* TASK TO CARRY OUT *
Transcribe every entry exactly; the images stay out.

* DATA EXTRACT *
========================
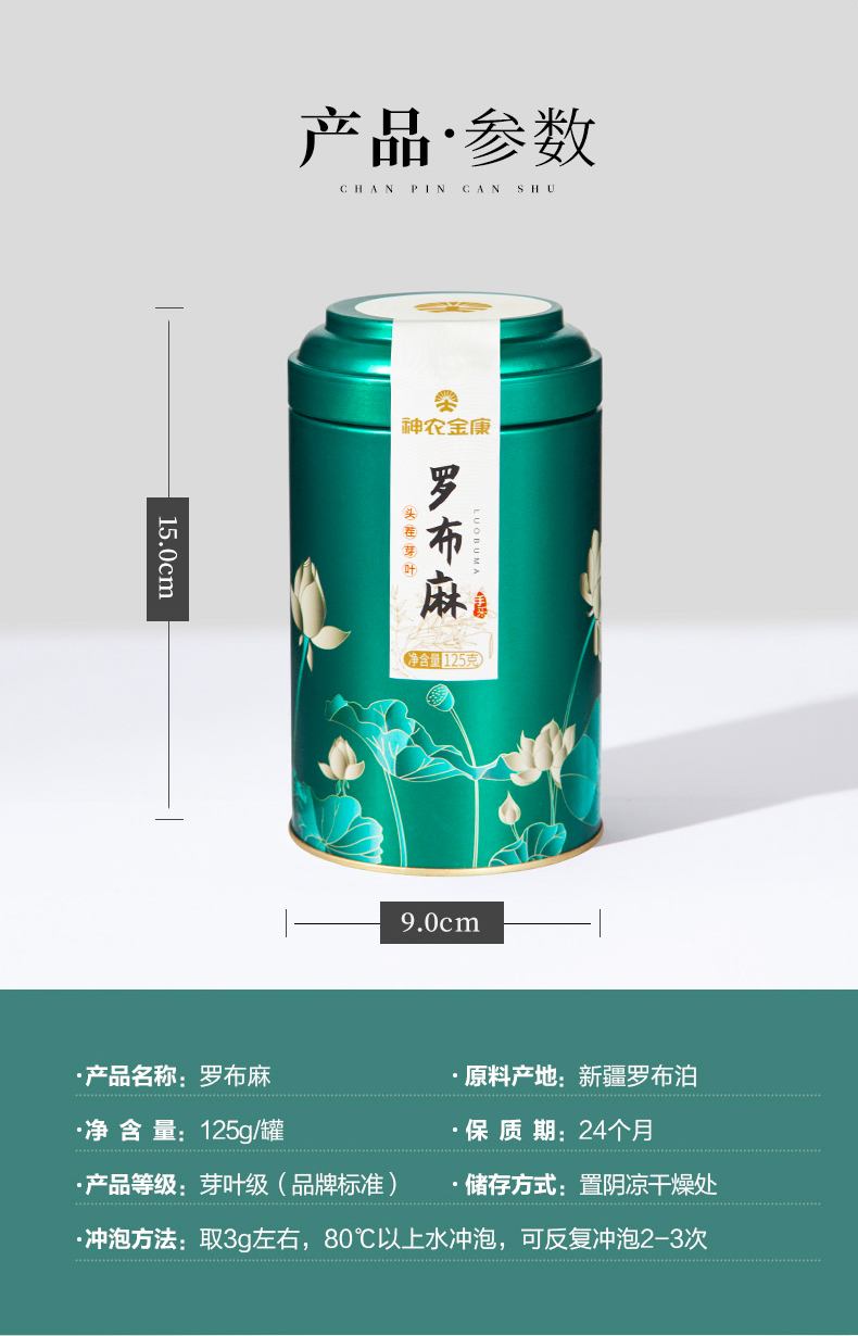 神农金康 新疆罗布麻嫩叶茶125g/罐 原生态真滋补 喝护家人健康
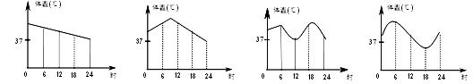 8.一天清晨,某同学生病了,体温上升,吃过药后感觉好多了,中午时他的体温基本正常,但是下午他的体温又开始上升,直到半夜才感觉身上不那么发烫了。下面大致能上反映出该同学这一天(0时-24时)体温的变化情况的图是 ( )
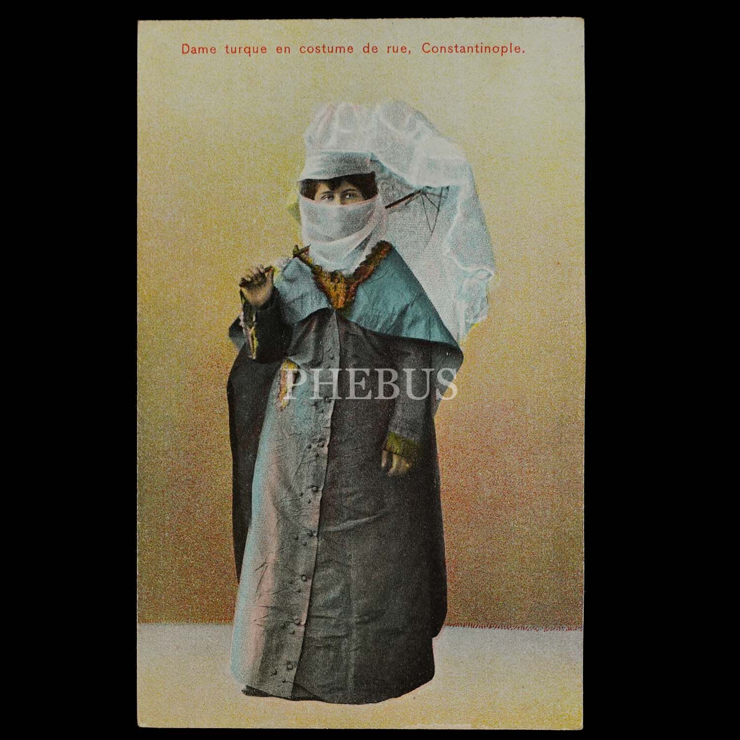Sokak kıyafeti ve şemsiyesiyle asil bir Türk kadını, "Dame turque en costume de rue, Constantinople"...
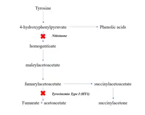 The primary treatment for type 1 tyrosinemia is nitisinone and restriction of tyrosine in the diet.[6] Nitisinone inhibits the conversion of 4-OH phenylpyruvate to homogentisic acid by 4-Hydroxyphenylpyruvate dioxygenase, the second step in tyrosine degradation. By inhibiting this enzyme, the accumulation of the fumarylacetoacetate is prevented.[10] Previously, liver transplantation was the primary treatment option and is still used in patients in whom nitisinone fails.
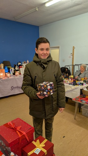 The tombola was the biggest success, with our first prize going within 10 minutes of the stall opening. Here is the winner of the first prize:
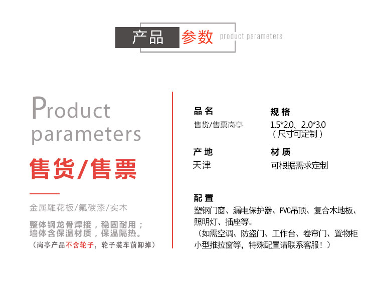 | 類型 | 售貨亭 | 顏色 | 可定做 | 運(yùn)輸方式 | 公路運(yùn)輸 | ||
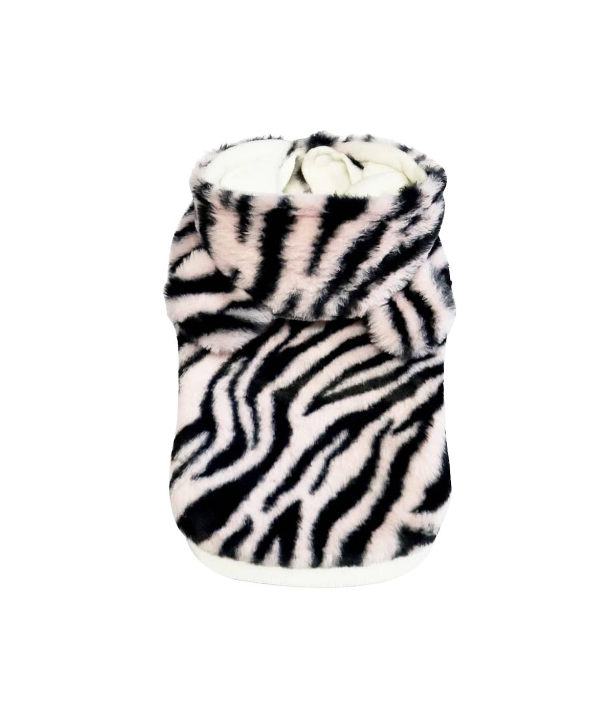 Manteau en fausse fourrure zèbre noir et rose avec capuche ourson
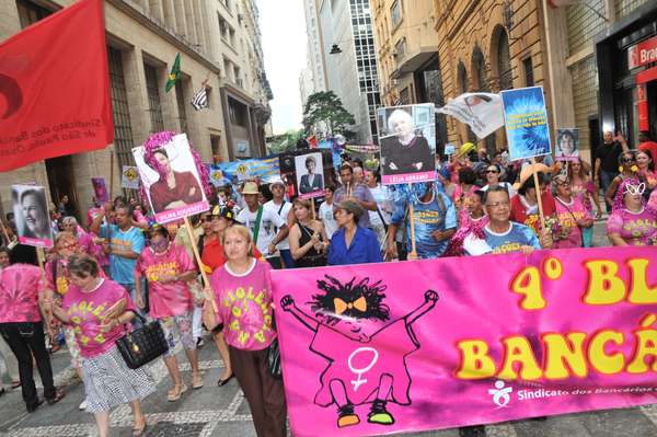 O Bloco dos Bancários saiu nesta segunda, 1, pelas ruas do centro da capital paulista levando aos foliões o tema da diversidade. O desfile do bloco, que faz parte da programação oficial do carnaval de rua da cidade, foi puxado pela Banda Alegria. A saída foi na Praça Antônio Prado e o percurso foi por algumas vias do centro.
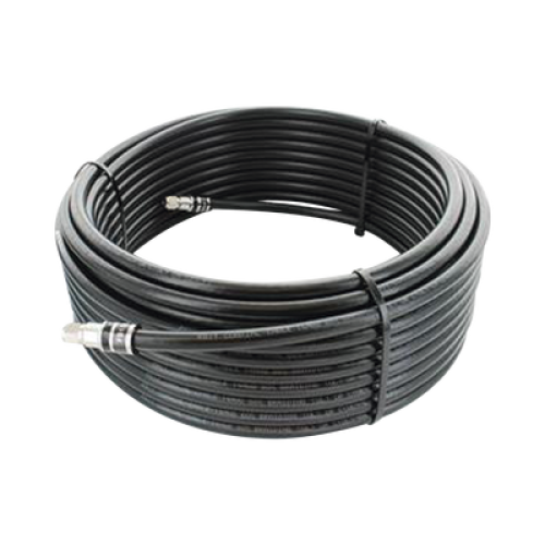 El cable coaxial WILSON RG11 951175 de baja pérdida, es un cable equivalente al LMR400-75 de 10.29 mm de diámetro que permite conexiones entre el amplificador, la antena interior, antena exterior y/o divisores de potencia. Este cable para interior y exterior tiene 22.86 metros de largo, recubierto en color negro y está equipado con conectores F-Macho en ambos extremos.
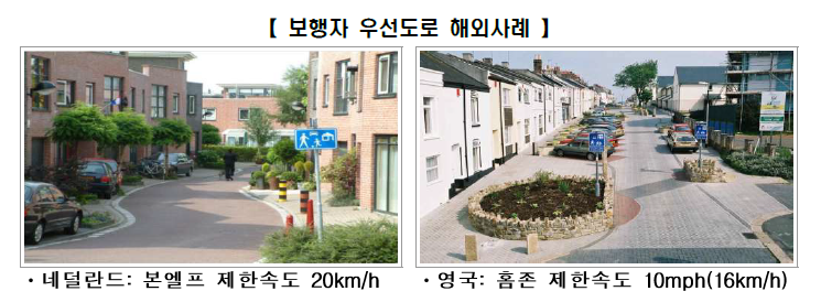 - 소위 골목길에 대한 보행자 우선도로 개념 도입, 제한속도 20km/h이하
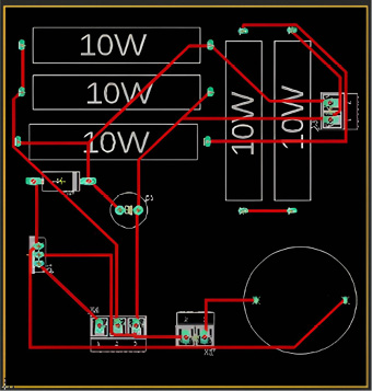 El primer paso consistió en diseñar las pistas del circuito elevador utilizando el software Eagle. Se seleccionaron y ubicaron los componentes necesarios, estableciendo las conexiones eléctricas pertinentes para asegurar un diseño óptimo. Una vez finalizado, se generó el archivo Gerber, que es esencial para la fabricación del circuito impreso. La Figura 10 muestra el diseño esquemático resultante.
========================
* TASK SOLUTION *
 神农金康 新疆罗布麻嫩叶茶125g/罐 原生态真滋补 喝护家人健康
 8.一天清晨,某同学生病了,体温上升,吃过药后感觉好多了,中午时他的体温基本正常,但是下午他的体温又开始上升,直到半夜才感觉身上不那么发烫了。下面大致能上反映出该同学这一天(0时-24时)体温的变化情况的图是 ( )
Sokak kıyafeti ve şemsiyesiyle asil bir Türk kadını, "Dame turque en costume de rue, Constantinople"...
 The primary treatment for type 1 tyrosinemia is nitisinone and restriction of tyrosine in the diet.[6] Nitisinone inhibits the conversion of 4-OH phenylpyruvate to homogentisic acid by 4-Hydroxyphenylpyruvate dioxygenase, the second step in tyrosine degradation. By inhibiting this enzyme, the accumulation of the fumarylacetoacetate is prevented.[10] Previously, liver transplantation was the primary treatment option and is still used in patients in whom nitisinone fails.
 The tombola was the biggest success, with our first prize going within 10 minutes of the stall opening. Here is the winner of the first prize:
 | 類型 | 售貨亭 | 顏色 | 可定做 | 運(yùn)輸方式 | 公路運(yùn)輸 | ||
 Manteau en fausse fourrure zèbre noir et rose avec capuche ourson
 O Bloco dos Bancários saiu nesta segunda, 1, pelas ruas do centro da capital paulista levando aos foliões o tema da diversidade. O desfile do bloco, que faz parte da programação oficial do carnaval de rua da cidade, foi puxado pela Banda Alegria. A saída foi na Praça Antônio Prado e o percurso foi por algumas vias do centro.
 El cable coaxial WILSON RG11 951175 de baja pérdida, es un cable equivalente al LMR400-75 de 10.29 mm de diámetro que permite conexiones entre el amplificador, la antena interior, antena exterior y/o divisores de potencia. Este cable para interior y exterior tiene 22.86 metros de largo, recubierto en color negro y está equipado con conectores F-Macho en ambos extremos.
 - 소위 골목길에 대한 보행자 우선도로 개념 도입, 제한속도 20km/h이하
 El primer paso consistió en diseñar las pistas del circuito elevador utilizando el software Eagle. Se seleccionaron y ubicaron los componentes necesarios, estableciendo las conexiones eléctricas pertinentes para asegurar un diseño óptimo. Una vez finalizado, se generó el archivo Gerber, que es esencial para la fabricación del circuito impreso. La Figura 10 muestra el diseño esquemático resultante.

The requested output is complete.